Top of Material provided

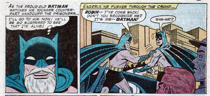 Sometimes we start to wonder exactly what Batman's detective skills are, if he's surprised a bunch of cops don't recognize a bearded old man in a Batman outfit as anybody but a bearded old man in a Batman outfit.
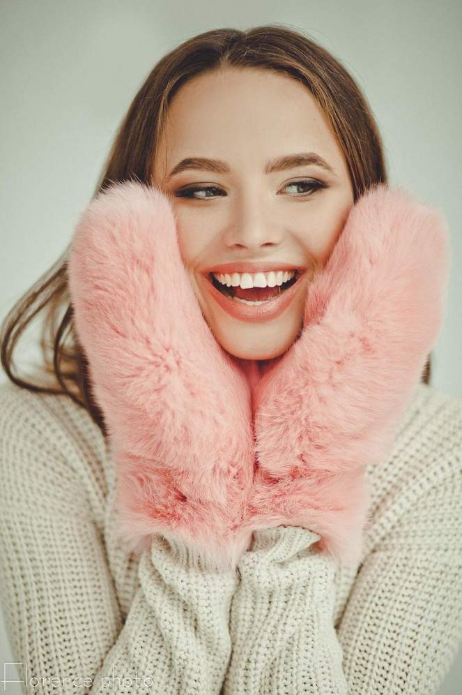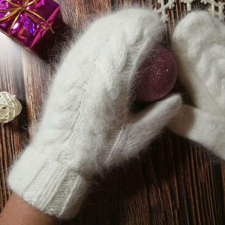 Белоснежные меховые варежки.
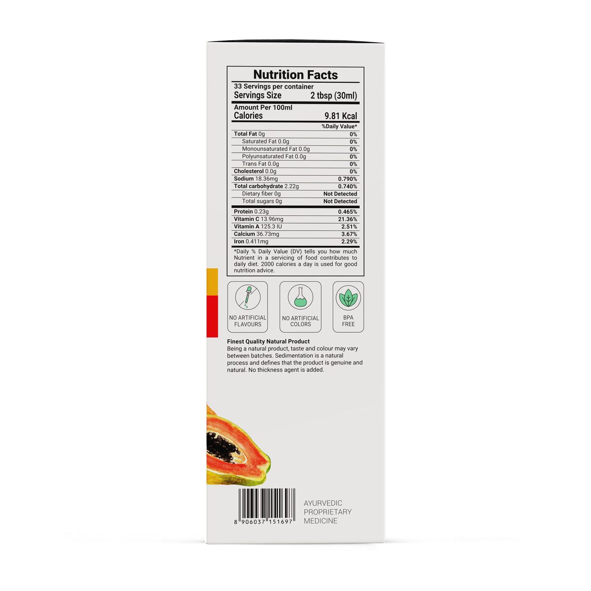 The Krishna's Herbal & Ayurveda Papaya Leaf Juice contains pure extracts of papaya leaf with all their nutritional values intact. Like papaya, the papaya leaves are also full of nutrients that help you to maintain your digestion while balancing the gastric juices. Its a rich source of Vitamin A & C.
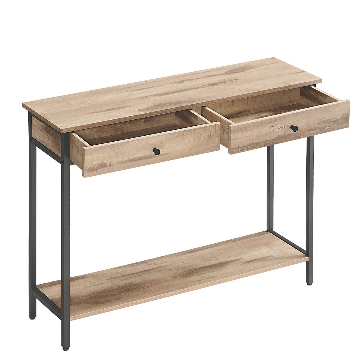 Fonctionnelle, elle dispose de deux tiroirs placés sous le plateau principal, parfaits pour ranger vos clés, votre courrier ou vos petits objets du quotidien. Fini le désordre : tout reste à portée de main, mais bien dissimulé.

Bottom of Material provided

Retype the listing above exactly, pictures excluded.

 Sometimes we start to wonder exactly what Batman's detective skills are, if he's surprised a bunch of cops don't recognize a bearded old man in a Batman outfit as anybody but a bearded old man in a Batman outfit.
 Белоснежные меховые варежки.
 The Krishna's Herbal & Ayurveda Papaya Leaf Juice contains pure extracts of papaya leaf with all their nutritional values intact. Like papaya, the papaya leaves are also full of nutrients that help you to maintain your digestion while balancing the gastric juices. Its a rich source of Vitamin A & C.
 Fonctionnelle, elle dispose de deux tiroirs placés sous le plateau principal, parfaits pour ranger vos clés, votre courrier ou vos petits objets du quotidien. Fini le désordre : tout reste à portée de main, mais bien dissimulé.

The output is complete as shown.